= Canting arms =

Heraldry representing the owner's name

A famous early example of canting arms: the castle representing the Kingdom of Castile and the lion representing the Kingdom of León.

Canting arms are heraldic bearings that represent the bearer's name (or, less often, some attribute or function) in a visual pun or rebus.

The expression derives from the latin cantare (to sing).
French heralds used the term armes parlantes ("talking arms"), as they would sound out the name of the armiger. Many armorial allusions require research for elucidation because of changes in language and dialect that have occurred over the past millennium.

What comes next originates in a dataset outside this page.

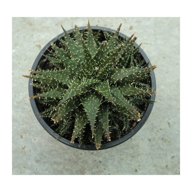 Miniaturní americký hybrid. Kříženec Aloe descoingsii x haworthioides. Tvoří nízké růžice o průměru 5cm. Trojúhelníkové, tmavě zelené listy s bílými znaky jsou zakončené měkkými, stříbřitými štětinkami. Expedujeme rostliny: Ø květináče 5,5cm.

Canting arms – some in the form of rebuses – are quite common in German civic heraldry. They have also been increasingly used in the 20th century among the British royal family. When the visual representation is expressed through a rebus, this is sometimes called a rebus coat of arms.
An in-joke among the Society for Creative Anachronism heralds is the pun, "Heralds don't pun; they cant."

== Examples of canting arms ==

=== Personal coats of arms ===
A famous example of canting arms are those of Queen Elizabeth The Queen Mother's paternal family, the Bowes-Lyon family. The arms (pictured below) contain the bows and blue lions that make up the arms of the Bowes and Lyon families.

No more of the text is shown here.